## TO DO:
Every entry must be set down exactly in the answer; no pictures should appear.
*****
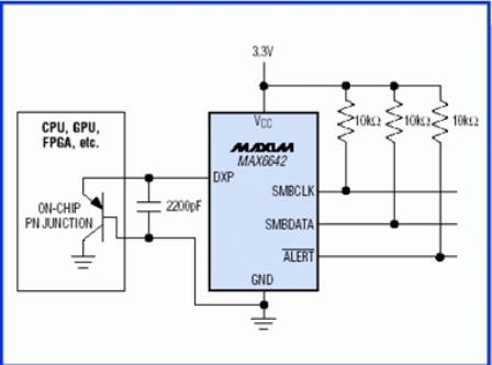 Maxim提供幾種專門(mén)設(shè)計(jì)用來(lái)精確測(cè)量熱二極管溫度并將其直接轉(zhuǎn)換成數(shù)字形式的IC。在這些IC中,其中一些可測(cè)量一個(gè)熱二極管,而有些則能同時(shí)測(cè)量多達(dá)4個(gè)熱二極管。雖然熱二極管的輸出信號(hào)電平很小(可低至200µV/°C量級(jí)),但仍大于熱電偶的輸出信號(hào)電平。內(nèi)部及外部濾波,再加上合理的電路布局,使得遠(yuǎn)端二極管溫度傳感器能夠被廣泛用于具有很強(qiáng)電氣噪聲的設(shè)備中,例如計(jì)算機(jī)、服務(wù)器及工作站等。這些IC中的大多數(shù)都能提供其他功能來(lái)保護(hù)目標(biāo)IC,例如過(guò)溫告警引腳,如果溫度超過(guò)目標(biāo)的安全工作極限,則能用它來(lái)關(guān)斷系統(tǒng)。圖2給出了遠(yuǎn)端二極管溫度傳感器(MAX6642)的一個(gè)例子。這種IC可測(cè)量熱二極管和其自身的溫度,測(cè)量上限可高達(dá)150°C,同時(shí)還提供過(guò)溫告警輸出,觸發(fā)溫度可通過(guò)SMBus編程。
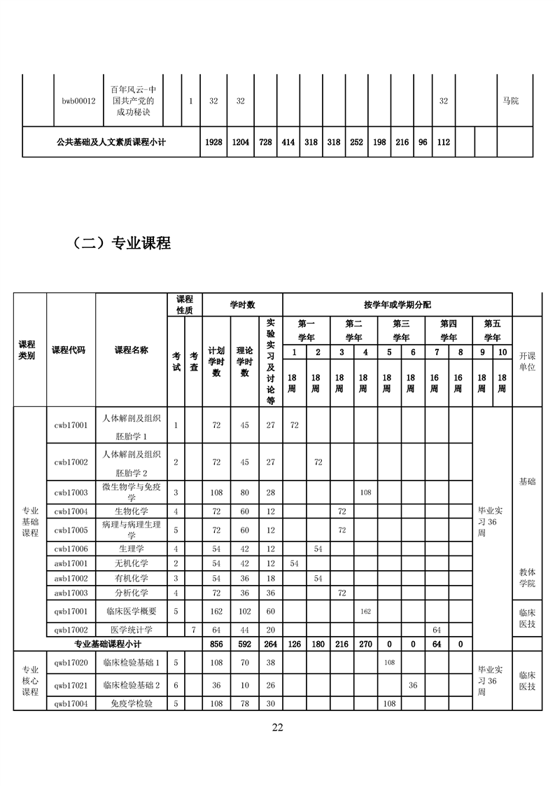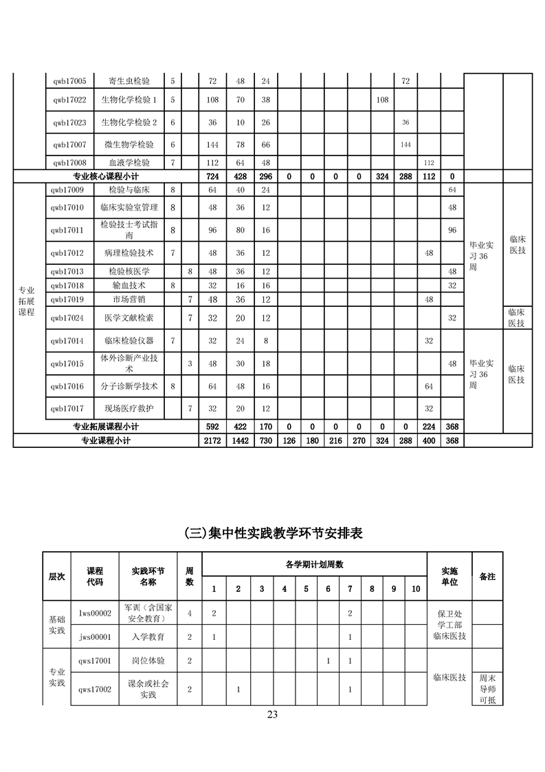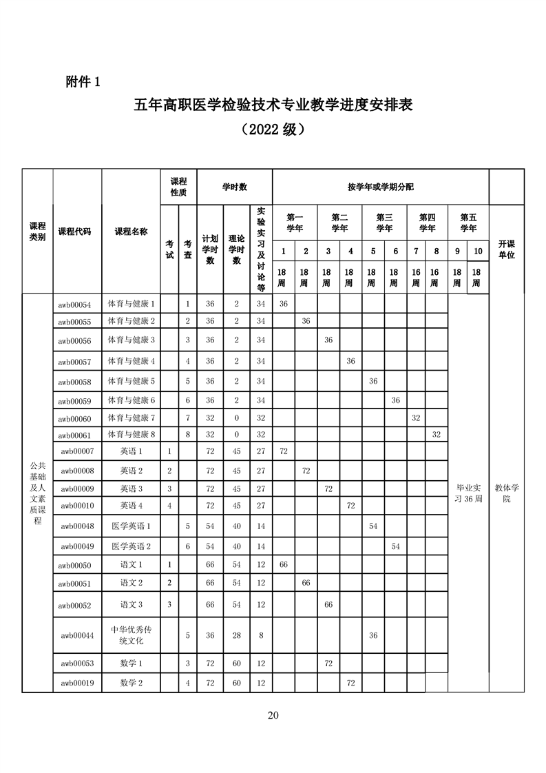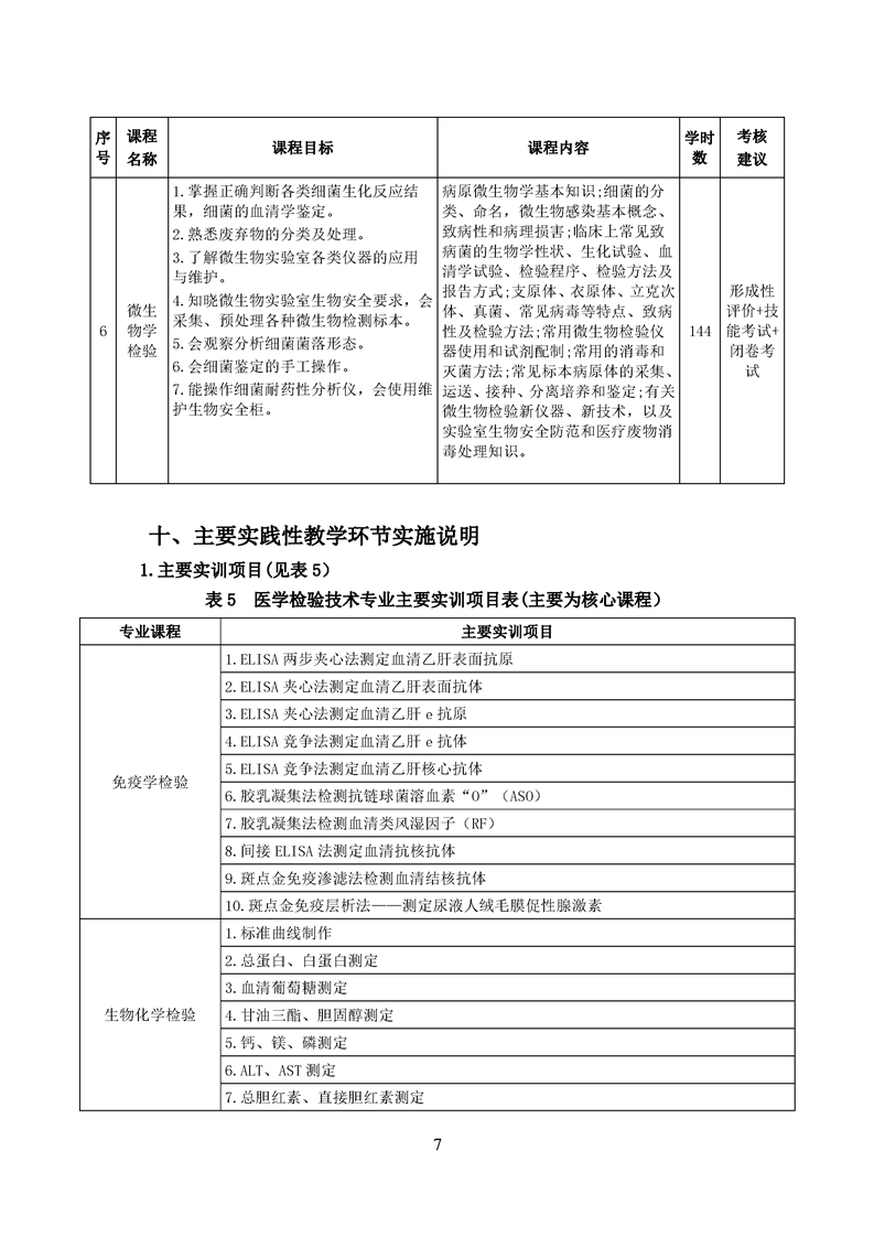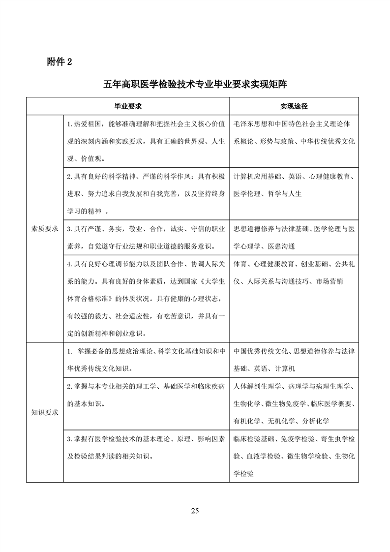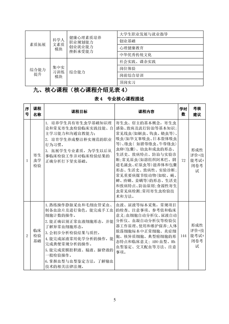 五年高职医学检验技术专业人才培养方案(2022级)
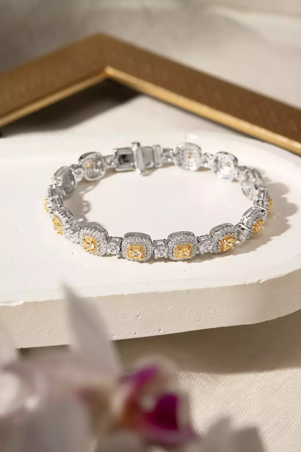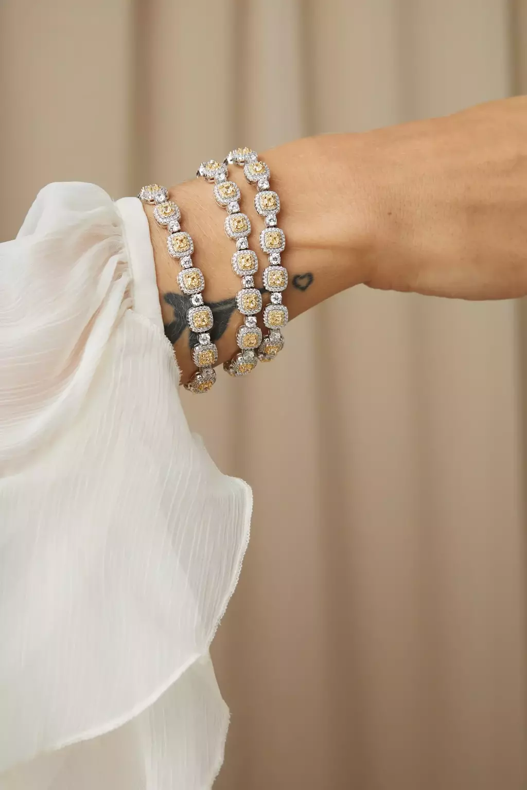 PULSEIRA ZIRCONIA FANCY YELLOW ZIRCONIA CÚBICAS BRANCA RIVIERA INTEIRA DE QUADRADOS PRATA 925
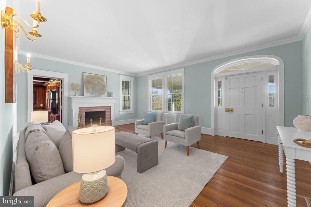 OPEN HOUSE FEB 7, FROM 11-1. Set on 6 picturesque acres, this exceptional all-brick estate offers 4 bedrooms, 3.5 baths, and nearly 5,000 square feet of timeless craftsmanship, thoughtful design, and outstanding outbuildings. The home features four fireplaces, and all-natural wood floors. A bedroom and full bath are conveniently located on the main level. Nine-foot ceilings define the main floor, which includes open stairs with gorgeous chestnut wood railings, a formal living room with brick fireplace and wood mantel, formal dining room, office, den with a brick fireplace, family room with a brick fireplace and walk-in coat closet, kitchen, and half bath. Six doors on the main and lower levels provide direct access to porches, patios, the driveway, and the yard, while large windows on every level fill the home with natural light. The crown jewel of the home is the richly appointed den, showcasing exquisite woodwork, custom built-in bookshelves, a 9-foot beamed ceiling with recessed lighting, and a brick fireplace. Two separate doors lead to the enclosed front porch and the expansive backyard, offering seamless transitions between interior spaces and outdoor living areas. The upper level offers three additional bedrooms and a full bath, featuring wide hallways and abundant windows that create a bright, spacious feel throughout. Bedrooms are generously sized with ample closet space, and a walk-in cedar hall closet provides additional storage. Both the upper- and lower-level full bathrooms reflect classic early-1900s design including mosaic floors and have been preserved in impeccable condition. The basement is accessed by two separate staircases—one leading to a workshop area and the other to a finished family and recreation room complete with a small full bath, bar, brick fireplace, and a separate split HVAC system. Each basement area has its own exterior access. Outside, the property is equally impressive with four quality outbuildings, including a 38’ × 60’ pole barn featuring a 14’ sliding door on the end and a 17’ sliding door on the side, a detached three-car garage with storage above, an 18’ × 30’ chicken coop, and a mill house suitable for use as a horse barn with hay storage. Not counted as one of the outbuildings is a former tenant farmer shack that was occupied as a dwelling with running water and electric many years ago. Two water spigots and two frost-free hydrants support gardening, livestock, or equestrian use. The land is well suited for large-scale gardening, a horse farm, or livestock. An efficient circular driveway provides access to the front of the home and continues to the rear, offering ample parking and ease of use. A steal roof with an expected life of 70 years, or longer with proper care, was installed in early 2000's, A new geothermal heating and air-conditioning system, exceptional brickwork, fine wood detailing, and outstanding overall condition further underscore the value of this stately residence. A truly special offering for the discerning buyer seeking space, privacy, craftsmanship, and enduring quality. The property is ideally situated near the interconnected conservation lands of Patuxent River Park and Merkle Wildlife Sanctuary—providing unparalleled access to 9400 acres of protected parkland, waterways, and miles of scenic trails for hiking, horseback riding, kayaking, and Ranger-led activities for children. Convenient commuting access—approximately 40 minutes to Washington, DC; 35 minutes to the Pentagon; 22 minutes to Joint Base Andrews; and 44 minutes to Fort Meade. 240-714
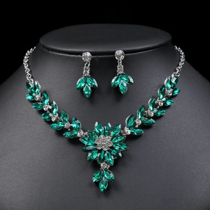KMVEXO 2022 Summer Vintage Luxury Flower Crystal Wedding Earrings Necklace Set For Women Bridal Jewelry Sets Party Accessories
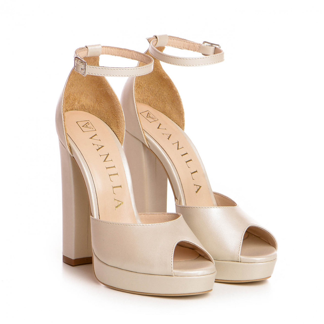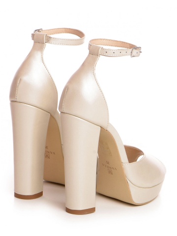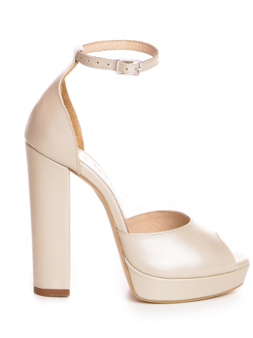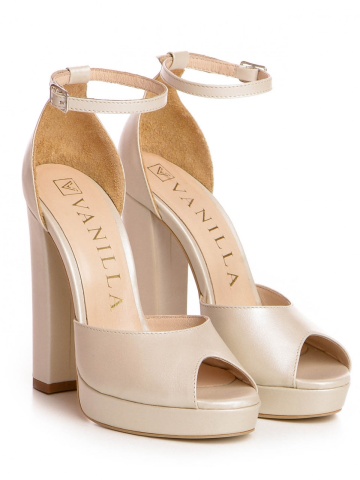 Sandale Bolivia cu toc gros, piele naturala, ivoire
*****
## ANSWER TO THIS EXERCISE:
 Maxim提供幾種專門(mén)設(shè)計(jì)用來(lái)精確測(cè)量熱二極管溫度并將其直接轉(zhuǎn)換成數(shù)字形式的IC。在這些IC中,其中一些可測(cè)量一個(gè)熱二極管,而有些則能同時(shí)測(cè)量多達(dá)4個(gè)熱二極管。雖然熱二極管的輸出信號(hào)電平很小(可低至200µV/°C量級(jí)),但仍大于熱電偶的輸出信號(hào)電平。內(nèi)部及外部濾波,再加上合理的電路布局,使得遠(yuǎn)端二極管溫度傳感器能夠被廣泛用于具有很強(qiáng)電氣噪聲的設(shè)備中,例如計(jì)算機(jī)、服務(wù)器及工作站等。這些IC中的大多數(shù)都能提供其他功能來(lái)保護(hù)目標(biāo)IC,例如過(guò)溫告警引腳,如果溫度超過(guò)目標(biāo)的安全工作極限,則能用它來(lái)關(guān)斷系統(tǒng)。圖2給出了遠(yuǎn)端二極管溫度傳感器(MAX6642)的一個(gè)例子。這種IC可測(cè)量熱二極管和其自身的溫度,測(cè)量上限可高達(dá)150°C,同時(shí)還提供過(guò)溫告警輸出,觸發(fā)溫度可通過(guò)SMBus編程。
 五年高职医学检验技术专业人才培养方案(2022级)
 PULSEIRA ZIRCONIA FANCY YELLOW ZIRCONIA CÚBICAS BRANCA RIVIERA INTEIRA DE QUADRADOS PRATA 925
 OPEN HOUSE FEB 7, FROM 11-1. Set on 6 picturesque acres, this exceptional all-brick estate offers 4 bedrooms, 3.5 baths, and nearly 5,000 square feet of timeless craftsmanship, thoughtful design, and outstanding outbuildings. The home features four fireplaces, and all-natural wood floors. A bedroom and full bath are conveniently located on the main level. Nine-foot ceilings define the main floor, which includes open stairs with gorgeous chestnut wood railings, a formal living room with brick fireplace and wood mantel, formal dining room, office, den with a brick fireplace, family room with a brick fireplace and walk-in coat closet, kitchen, and half bath. Six doors on the main and lower levels provide direct access to porches, patios, the driveway, and the yard, while large windows on every level fill the home with natural light. The crown jewel of the home is the richly appointed den, showcasing exquisite woodwork, custom built-in bookshelves, a 9-foot beamed ceiling with recessed lighting, and a brick fireplace. Two separate doors lead to the enclosed front porch and the expansive backyard, offering seamless transitions between interior spaces and outdoor living areas. The upper level offers three additional bedrooms and a full bath, featuring wide hallways and abundant windows that create a bright, spacious feel throughout. Bedrooms are generously sized with ample closet space, and a walk-in cedar hall closet provides additional storage. Both the upper- and lower-level full bathrooms reflect classic early-1900s design including mosaic floors and have been preserved in impeccable condition. The basement is accessed by two separate staircases—one leading to a workshop area and the other to a finished family and recreation room complete with a small full bath, bar, brick fireplace, and a separate split HVAC system. Each basement area has its own exterior access. Outside, the property is equally impressive with four quality outbuildings, including a 38’ × 60’ pole barn featuring a 14’ sliding door on the end and a 17’ sliding door on the side, a detached three-car garage with storage above, an 18’ × 30’ chicken coop, and a mill house suitable for use as a horse barn with hay storage. Not counted as one of the outbuildings is a former tenant farmer shack that was occupied as a dwelling with running water and electric many years ago. Two water spigots and two frost-free hydrants support gardening, livestock, or equestrian use. The land is well suited for large-scale gardening, a horse farm, or livestock. An efficient circular driveway provides access to the front of the home and continues to the rear, offering ample parking and ease of use. A steal roof with an expected life of 70 years, or longer with proper care, was installed in early 2000's, A new geothermal heating and air-conditioning system, exceptional brickwork, fine wood detailing, and outstanding overall condition further underscore the value of this stately residence. A truly special offering for the discerning buyer seeking space, privacy, craftsmanship, and enduring quality. The property is ideally situated near the interconnected conservation lands of Patuxent River Park and Merkle Wildlife Sanctuary—providing unparalleled access to 9400 acres of protected parkland, waterways, and miles of scenic trails for hiking, horseback riding, kayaking, and Ranger-led activities for children. Convenient commuting access—approximately 40 minutes to Washington, DC; 35 minutes to the Pentagon; 22 minutes to Joint Base Andrews; and 44 minutes to Fort Meade. 240-714
KMVEXO 2022 Summer Vintage Luxury Flower Crystal Wedding Earrings Necklace Set For Women Bridal Jewelry Sets Party Accessories
 Sandale Bolivia cu toc gros, piele naturala, ivoire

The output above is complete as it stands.